The Alabama Court of Criminal Appeals on October 1, 2010, remanded the case of death row prisoner Donald Whatley because there was evidence that the prosecutor at his trial illegally excluded African Americans from jury service on the basis of race.
At trial, the prosecutor excluded 17 of the 22 qualified African Americans from Mr. Whatley’s jury. The African Americans who were excluded shared similarities with whites who were permitted to serve on the jury. And the Mobile County District Attorney’s Association has a long history of racial discrimination in jury selection.
On appeal to the Court of Criminal Appeals, EJI lawyers argued that this evidence established an inference of racial discrimination by the prosecutor. The law requires that, where the evidence shows an inference of discrimination, the prosecutor must provide race-neutral reasons for excluding African Americans from jury service. If those reasons are mere pretext for excluding jurors on the basis of race, then a new trial is required.
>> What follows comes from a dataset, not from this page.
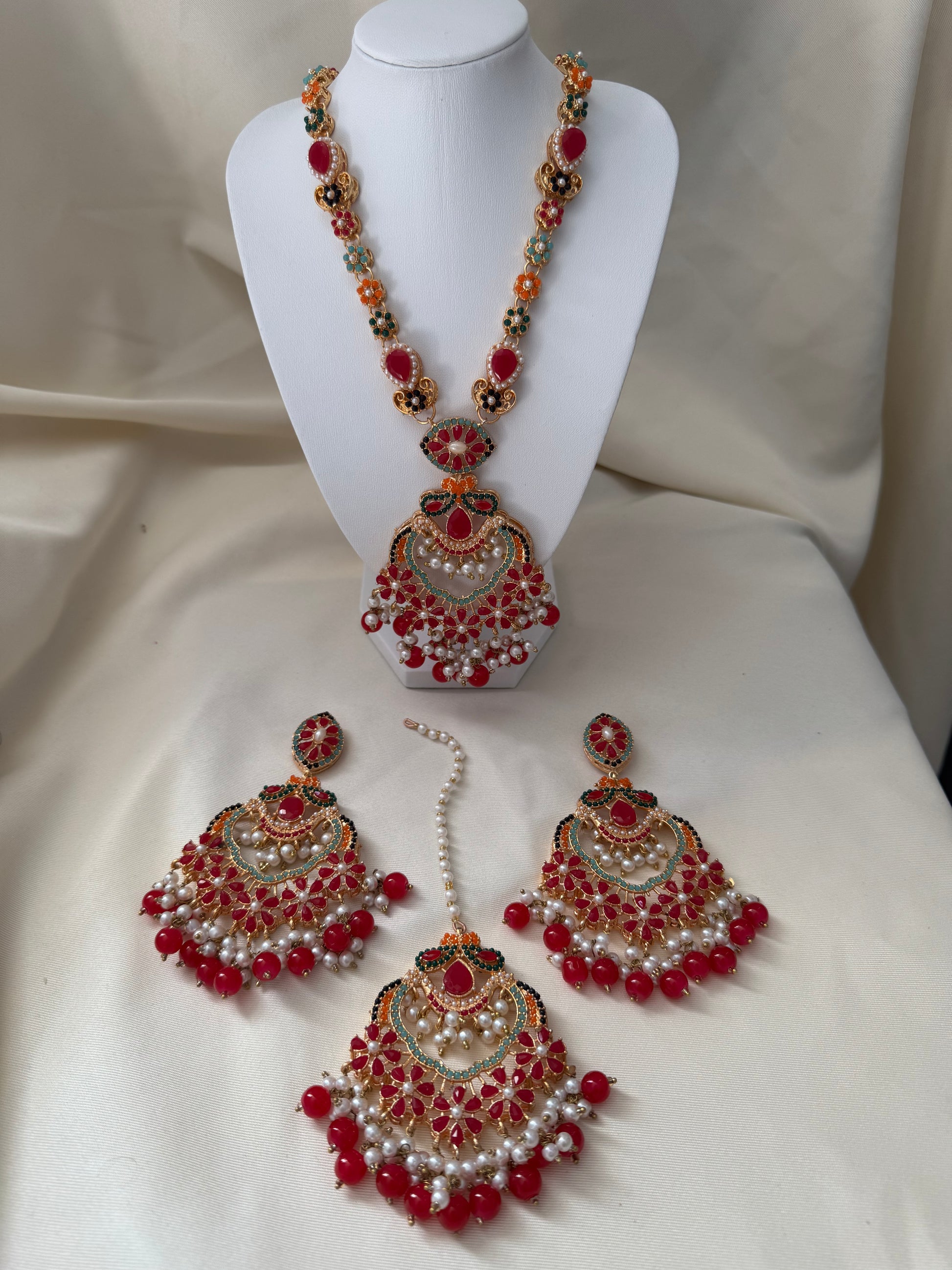 This Mala Set comes with four pieces. This design is called Norattan and it is very famous for its delicate work.

The Court of Criminal Appeals agreed that the evidence of racial discrimination in Mr. Whatley’s case requires the prosecutor to explain why she excluded so many African Americans from Mr. Whatley’s jury. It sent the case back to the trial court for the prosecutor to give reasons for her strikes. “If the prosecution cannot provide race-neutral reasons for its use of peremptory challenges against Black veniremembers,” the court ruled, “Whatley shall be entitled to a new trial.”
Challenging racially biased exclusion of African Americans from juries in death penalty cases like Mr. Whatley’s case is one part of EJI’s work to eradicate racial discrimination in jury selection.